Надо было ставить Хозяина на место, и Федя усмехнулся так, чтобы тот понял всю фальшь вопроса.

Однако Хуснутдинов не смутился, а если и смутился, то чуть-чуть, не такой он мужик, чтобы какой-то пацан из КГБ мог его смутить. А Федя стал развивать тему:

— Случай, конечно, прескверный, но он может быть еще неприятнее, если мы не подойдем к нему по-человечески. Ребята, что разбились, до сих пор лежат в трубе, и никто, кроме вас, Шариф Шафутдинович, не может дать команду на выезд грузовика. Даже завгар. Странно все это. Машины и днем, и ночью используются шоферами для своих надобностей, но стоит зайти речи о бесплатном рейсе, как все становятся принципиальными…

— Не может быть, — сказал Хуснутдинов и снял трубку телефона.

Да, его не зря зовут Хозяином. Минута ему понадобилась, чтобы дозвониться до гаража, найти завгара, оттянуть последнего последними словами, среди которых «мудак» было самым мягким, и решить проблему с грузовиком. После этого он положил трубку на рычаг, подмигнул Внучеку и сказал:

— Вот так собак стригут: за хвост и палкой…

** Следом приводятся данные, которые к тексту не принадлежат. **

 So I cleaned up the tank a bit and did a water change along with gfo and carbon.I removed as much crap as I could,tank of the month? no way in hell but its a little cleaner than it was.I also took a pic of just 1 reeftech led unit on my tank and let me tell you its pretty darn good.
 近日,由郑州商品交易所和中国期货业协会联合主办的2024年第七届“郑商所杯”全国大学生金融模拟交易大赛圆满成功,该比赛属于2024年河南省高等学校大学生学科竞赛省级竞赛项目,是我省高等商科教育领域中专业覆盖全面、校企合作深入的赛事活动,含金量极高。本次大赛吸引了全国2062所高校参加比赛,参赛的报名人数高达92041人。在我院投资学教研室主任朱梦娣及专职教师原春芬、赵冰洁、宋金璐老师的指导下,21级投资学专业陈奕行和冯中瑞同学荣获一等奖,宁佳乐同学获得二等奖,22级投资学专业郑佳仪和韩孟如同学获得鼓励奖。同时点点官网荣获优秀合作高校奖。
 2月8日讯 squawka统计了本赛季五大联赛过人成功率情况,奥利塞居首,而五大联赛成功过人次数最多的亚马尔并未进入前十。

— Но это еще не все, Шариф Шафутдинович, я думаю, что наш с вами долг сделать все необходимое для отправки и похорон. Все они командированные. С этим и раньше-то проблема была, а уж теперь…

В Хуснутдинове проснулся дух противоречия. — А мы тут при чем? Это дело субчиков. У них свое начальство в Н-ске.

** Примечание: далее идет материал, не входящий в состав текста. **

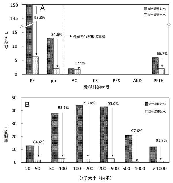 在污水處理廠的進(jìn)水和出水中觀察到未處理的污水樣品中觀察到七個(gè)不同的微塑料顆粒,包括聚乙烯(PE),聚丙烯(PP),丙烯酸酯(AC),聚苯乙烯(PS),聚酯(PES),醇酸樹脂(AKD)和聚四氟乙烯(PTFE)。PE是最豐富的MP材料類別,占MP顆?倲(shù)的72%,其次是PP(13%),AC(6%)和其他分?jǐn)?shù)相對(duì)較小的聚合物(1-4%)。假定樣品中微塑料材料類別的數(shù)量順序與原料的比重有關(guān)。具有較低比重的微塑料顆粒可以通過從污水源沉降到污水處理廠的過程中,以較低的重力進(jìn)行更有效的輸送。在中試規(guī);钚蕴垦b置的進(jìn)水和出水中觀察到的MP顆粒的數(shù)量濃度和尺寸分布分別顯示在圖2AB中。通過活性炭處理,可以顯著提高微塑料的去除率(92.9%)。特別是,發(fā)現(xiàn)活性炭處理在去除比水輕的微塑料(例如PE和PP)以及所有尺寸范圍的微塑料(包括20–50µm尺寸)方面都是有利的,而初級(jí)和生物處理很少去除這些微塑料。關(guān)于微塑料去除效率,配備活性炭過濾系統(tǒng)的飲用水處理廠獲得了類似的結(jié)果(大約89%的去除率)。
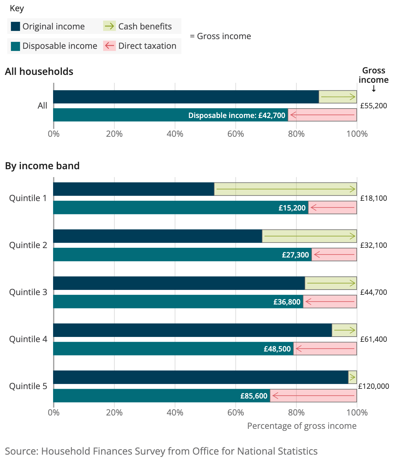 The UK uses the UN definition of spending, namely the “Classification of Individual Consumption by Purpose’, or COICOP. There are 12 categories (detailed here) and the following chart and table give the values for 2024 in the UK (£GBP). If you want European data there is an explorer option giving all countries to 2018. Back to the UK, here is the annual “disposal” income for FYE 2024, analysed further by income quintiles:
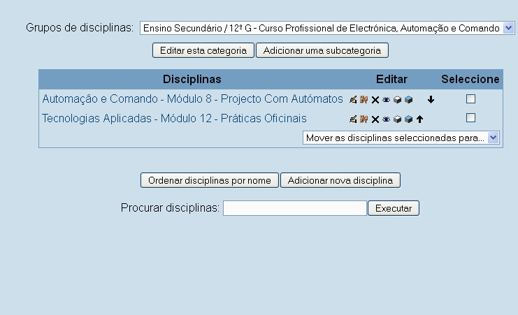 Presentemente estão lá duas disciplinas:

— Даже если все их начальство приедет сюда, без вас им не справиться, — подбросил Хозяину очередного леща Федя. — Конечно, все это нужно сделать из человеческих соображений, но и… Вы же понимаете, полгода назад мы с вами говорили, что у нас не Швейцария, где после митинга или какой-нибудь акции протеста все идут в закусочную пить пиво и закусывать сосисками. У нас пива нет, сосисок тоже, а вот водки навалом…

— Понял, понял, — сморщился Хуснутдинов, и Федя не стал продолжать, хотя сделать это стоило бы.

В октябре прошлого года в СМУ пять дней не выдавали зарплату: в банке не было денег. Потом какую-то сумму нашли, и главбух, чтобы не очень утруждать своих работников перерасчетами, решил выдать не всем по ползарплаты, а полностью, но выборочно. И, конечно, первыми ее получили конторские и постоянный состав. Командированным и спецконтингенту денег не хватило, а им, если верить их лидерам, деньги были нужнее, чем кому-либо.

Возник конфликт, который можно было мирно разрешить, но пришедшие к главбуху представители командированных и «условников» не были им приняты. Все это закончилось дракой, переросшей в массовые беспорядки, в ходе которых были разгромлены контора и общежитие спецкомендатуры. Стройка остановилась на три дня. Главбух срочно лег в больницу. Хуснутдинов потребовал наряд милиции для охраны собственной персоны, а с его водителя на несколько дней слетела маска обычной наглости.

Федя знал о зреющих беспорядках и просил Хуснутдинова либо вообще не выдавать зарплату, либо выдать всем по половине. Но Хозяин так не сделал и был наказан, и с той поры, как всякий неглупый человек, стал прислушиваться к намекам Внучека: какой же начальник откажется от собственной выгоды.

— Я позвоню? — спросил Федя.

Хуснутдинов с готовностью кивнул: ему не хотелось развивать тему прошлогодних беспорядков.

Федя позвонил в отделение и попросил шефа прислать за ним машину.

— Возьми мою, — сказал Хуснутдинов, одним ухом слушавший его.

— Нет, — ответил Внучек, — мне еще в одно место заехать надо.

— A-а, тогда, конечно, — произнес Хозяин и уткнулся в бумаги.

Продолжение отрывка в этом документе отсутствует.